**Provided records:**
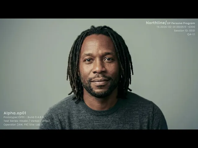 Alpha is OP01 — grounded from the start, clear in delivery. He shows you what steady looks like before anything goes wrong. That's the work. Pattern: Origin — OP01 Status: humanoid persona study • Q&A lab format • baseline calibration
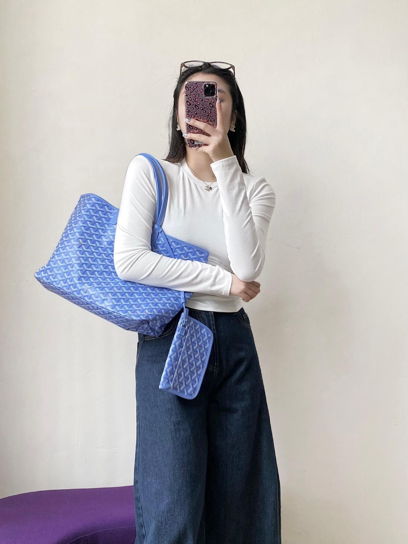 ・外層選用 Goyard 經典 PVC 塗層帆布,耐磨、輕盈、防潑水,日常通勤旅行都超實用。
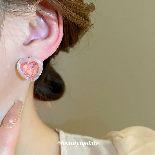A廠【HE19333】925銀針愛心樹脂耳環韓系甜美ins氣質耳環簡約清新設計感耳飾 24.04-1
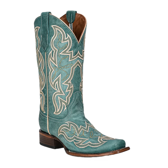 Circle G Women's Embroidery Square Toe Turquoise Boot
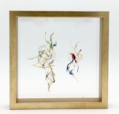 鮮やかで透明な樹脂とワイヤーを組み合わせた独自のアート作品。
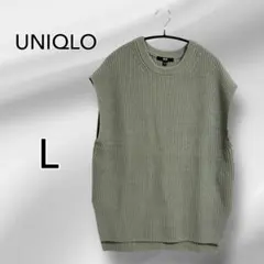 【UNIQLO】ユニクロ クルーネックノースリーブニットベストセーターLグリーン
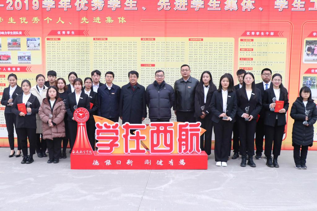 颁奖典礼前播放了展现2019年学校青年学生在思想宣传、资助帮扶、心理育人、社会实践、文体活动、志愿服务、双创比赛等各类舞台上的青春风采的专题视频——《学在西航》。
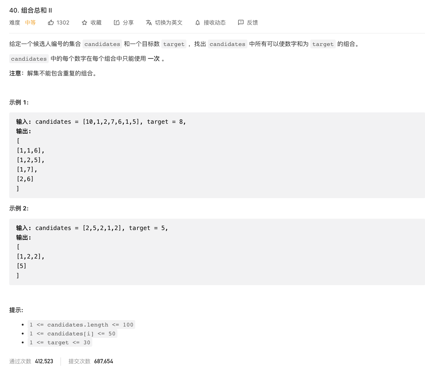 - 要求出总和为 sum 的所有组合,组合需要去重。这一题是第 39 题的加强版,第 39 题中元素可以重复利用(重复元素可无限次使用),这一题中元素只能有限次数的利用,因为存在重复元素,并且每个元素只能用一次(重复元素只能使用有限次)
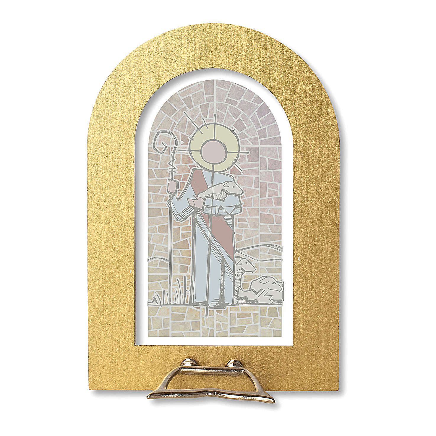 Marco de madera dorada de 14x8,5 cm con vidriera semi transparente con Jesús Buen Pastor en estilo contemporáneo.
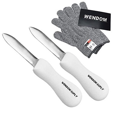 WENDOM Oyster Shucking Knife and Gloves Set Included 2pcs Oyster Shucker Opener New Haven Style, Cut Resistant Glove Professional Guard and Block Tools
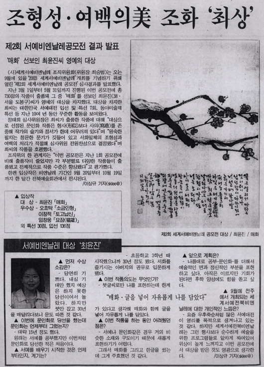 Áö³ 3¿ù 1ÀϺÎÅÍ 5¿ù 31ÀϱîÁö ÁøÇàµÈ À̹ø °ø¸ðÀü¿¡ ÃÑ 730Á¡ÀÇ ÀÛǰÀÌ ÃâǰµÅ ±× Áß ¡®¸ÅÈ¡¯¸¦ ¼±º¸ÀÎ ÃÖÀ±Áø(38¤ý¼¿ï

**Exercise directions:** Would you copy, exactly, each line from the start of the listing above through the line with "颁奖典礼前播放了展现2019", both ends included, but none of the pictures?

**Response to the exercise:**
 Alpha is OP01 — grounded from the start, clear in delivery. He shows you what steady looks like before anything goes wrong. That's the work. Pattern: Origin — OP01 Status: humanoid persona study • Q&A lab format • baseline calibration
 ・外層選用 Goyard 經典 PVC 塗層帆布,耐磨、輕盈、防潑水,日常通勤旅行都超實用。
A廠【HE19333】925銀針愛心樹脂耳環韓系甜美ins氣質耳環簡約清新設計感耳飾 24.04-1
 Circle G Women's Embroidery Square Toe Turquoise Boot
 鮮やかで透明な樹脂とワイヤーを組み合わせた独自のアート作品。
 【UNIQLO】ユニクロ クルーネックノースリーブニットベストセーターLグリーン
 颁奖典礼前播放了展现2019年学校青年学生在思想宣传、资助帮扶、心理育人、社会实践、文体活动、志愿服务、双创比赛等各类舞台上的青春风采的专题视频——《学在西航》。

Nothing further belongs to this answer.